Kim Davis, Prisoner of Conscience: Day Four

gay marriage

The fourth day dawned on the incarceration of Rowan Country Clerk Democrat Kim Davis who has been jailed by Federal Judge David Bunning for refusing to issue marriage licenses to same-sex couples.

Though her office began issuing licenses after her jailing on Thursday, Davis says, without her permission as the duly elected County Clerk, the licenses are not valid. She says, “They are not worth the paper they’re written on.”

Davis has vowed to stay in jail indefinitely in defense of her Christian belief that marriage can only ever occur between a man and a woman. Judge David Bunning could have fined her but chose instead the more draconian decision to jail her.

Bunning, a George W. Bush appointee, is no stranger to aggressively siding with gays over such issues.

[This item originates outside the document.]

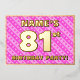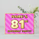 The front of this joyful and fun eighty-first birthday celebration/party foil invitation card design features an editable name, a large number “81st”, the message “BIRTHDAY PARTY!”, and a border. The background of the front has an upbeat dark pink and light pink striped pattern, with heart shapes. The back features personalised details about the event, such as the date, time, place, and any other information that may be important. Customisable invitations like these might be a fun way to invite attendees to a birthday party being held to celebrate somebody’s 81st birthday. [~Z0000603]
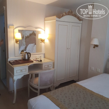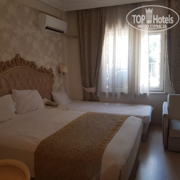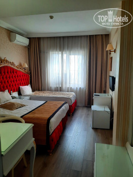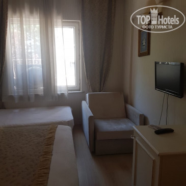 Он нам понравился, номер был стандарт на 3 этаже, небольшой, приятный интерьер, вид на улицу и Мраморное море между домов, очень удобные кровати с новыми матрасами, в номере есть холодильник, сейф, телевизор, набор для приготовления чая, тапочки, фен, мини-косметика, в номере хорошо убирали и все исправно работает, ремонт уже не очень свежий, но вся мебель в приличном состоянии, отель постепенно обновляют. Лифт есть, на первом этаже вкусный ресторан, но цены выше чем в соседних ресторанах. Вайфай есть.

In a 2003 case, Bunning not only forced a local school board to allow a “gay-straight alliance” to organize and meet in a local high school, as part of his decision he forced all faculty and students to undergo re-education about homosexuality. Further, he ordered that no one could opt out of the re-education even if they had sincere religious beliefs on the matter.

Bunning contended that “Plaintiffs are not requesting that a student absent from the training be considered an ‘excused’ or that the Board offer an alternate assignment on the issue of diversity. Rather, they seek to opt-out of the training altogether,” Bunning wrote.

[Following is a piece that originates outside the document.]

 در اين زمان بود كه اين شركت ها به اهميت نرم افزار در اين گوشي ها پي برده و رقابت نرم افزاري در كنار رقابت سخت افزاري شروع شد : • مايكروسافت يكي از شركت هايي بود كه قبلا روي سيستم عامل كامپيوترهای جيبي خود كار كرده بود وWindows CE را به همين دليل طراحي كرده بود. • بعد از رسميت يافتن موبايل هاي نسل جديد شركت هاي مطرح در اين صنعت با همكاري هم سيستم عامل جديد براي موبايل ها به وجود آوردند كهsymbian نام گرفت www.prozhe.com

In ordering that no student be allowed to opt out, Bunning wrote, “Moreover, as there is no burden on plaintiffs’ freedom of speech, free exercise or other constitutional right, there is simply no basis for an opt-out.”

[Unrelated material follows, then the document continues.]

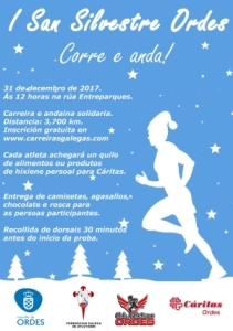 Dende o Departamento de Deportes do Concello de Ordes lembran a todas as persoas interesadas que o próximo xoves, 28 de decembro, conclúe o prazo para poder inscribirse na I San Silvestre Ordes. A carreira terá lugar o vindeiro domingo, 31 de decembro, ás 12 horas. Non se trata dunha proba exclusivamente competitiva, xa que o percorrido previsto de 3,700 quilómetros tamén se poderá realizar a modo de andaina. Deste xeito quérese ofrecer a posibilidade de participar a todo tipo de persoas. O principal obxectivo é despedir o ano conxuntamente e de forma divertida, á par que se leva a cabo unha actividade física. O lugar de saída será na rúa Entreparques, onde media hora antes do comezo da proba se repartirán os dorsais.

He wrote, “If all parents had a fundamental constitutional right to dictate individually what the schools teach their children, the schools would be forced to cater a curriculum for each student whose parents had genuine moral disagreements with the school’s choice of subject matter.”

The Sixth Circuit Court of Appeals later overruled Bunning.

Davis’s attorneys at the public interest Liberty Counsel are seeking to overrule Bunning in his sentencing of Davis.